* **REQUIRED ACTION**: The result is the exact lines from the one containing "Ul. Kościuszki jest" through the final line of the entries; leave out the pictures.

[Collected data entries]
++++++++++

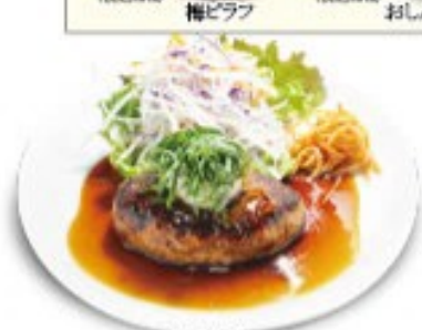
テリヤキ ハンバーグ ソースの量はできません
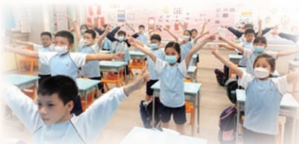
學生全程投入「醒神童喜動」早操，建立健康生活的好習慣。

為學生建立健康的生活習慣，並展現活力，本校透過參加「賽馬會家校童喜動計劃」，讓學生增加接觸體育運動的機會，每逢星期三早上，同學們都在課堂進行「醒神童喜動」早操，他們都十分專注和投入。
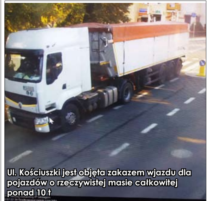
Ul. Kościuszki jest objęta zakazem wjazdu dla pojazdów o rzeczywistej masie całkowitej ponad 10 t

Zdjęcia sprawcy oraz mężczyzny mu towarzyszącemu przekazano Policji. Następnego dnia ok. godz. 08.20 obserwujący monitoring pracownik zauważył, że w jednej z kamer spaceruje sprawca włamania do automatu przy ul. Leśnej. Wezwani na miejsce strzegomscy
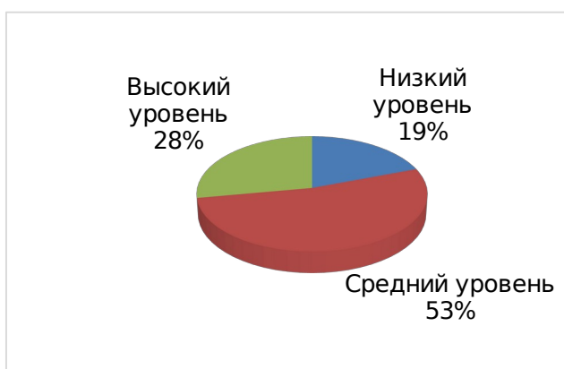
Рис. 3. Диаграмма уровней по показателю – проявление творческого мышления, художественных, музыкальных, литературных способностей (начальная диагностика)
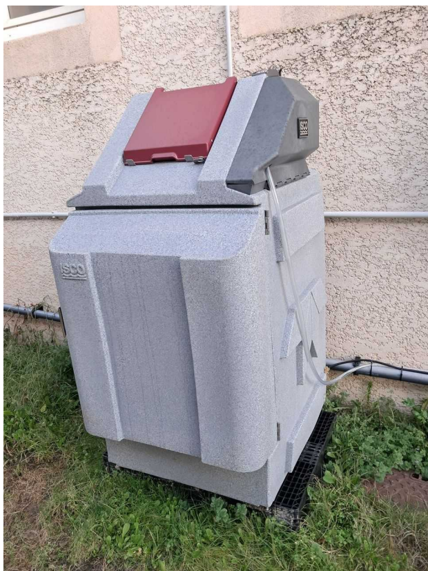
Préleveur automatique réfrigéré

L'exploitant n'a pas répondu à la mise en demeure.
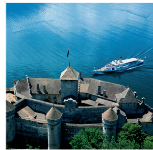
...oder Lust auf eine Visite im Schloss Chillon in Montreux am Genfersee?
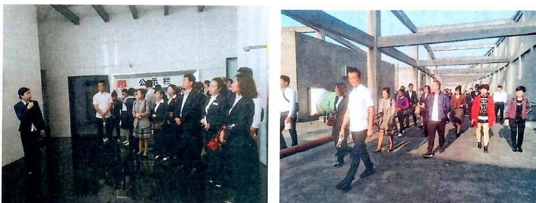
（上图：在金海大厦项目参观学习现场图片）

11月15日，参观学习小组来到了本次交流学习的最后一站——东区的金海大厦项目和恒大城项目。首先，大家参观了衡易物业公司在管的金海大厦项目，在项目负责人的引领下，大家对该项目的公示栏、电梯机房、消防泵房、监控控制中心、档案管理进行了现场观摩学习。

++++++++++

* **ANSWER BOX**:
Ul. Kościuszki jest objęta zakazem wjazdu dla pojazdów o rzeczywistej masie całkowitej ponad 10 t

Zdjęcia sprawcy oraz mężczyzny mu towarzyszącemu przekazano Policji. Następnego dnia ok. godz. 08.20 obserwujący monitoring pracownik zauważył, że w jednej z kamer spaceruje sprawca włamania do automatu przy ul. Leśnej. Wezwani na miejsce strzegomscy
Рис. 3. Диаграмма уровней по показателю – проявление творческого мышления, художественных, музыкальных, литературных способностей (начальная диагностика)
Préleveur automatique réfrigéré

L'exploitant n'a pas répondu à la mise en demeure.
...oder Lust auf eine Visite im Schloss Chillon in Montreux am Genfersee?
（上图：在金海大厦项目参观学习现场图片）

11月15日，参观学习小组来到了本次交流学习的最后一站——东区的金海大厦项目和恒大城项目。首先，大家参观了衡易物业公司在管的金海大厦项目，在项目负责人的引领下，大家对该项目的公示栏、电梯机房、消防泵房、监控控制中心、档案管理进行了现场观摩学习。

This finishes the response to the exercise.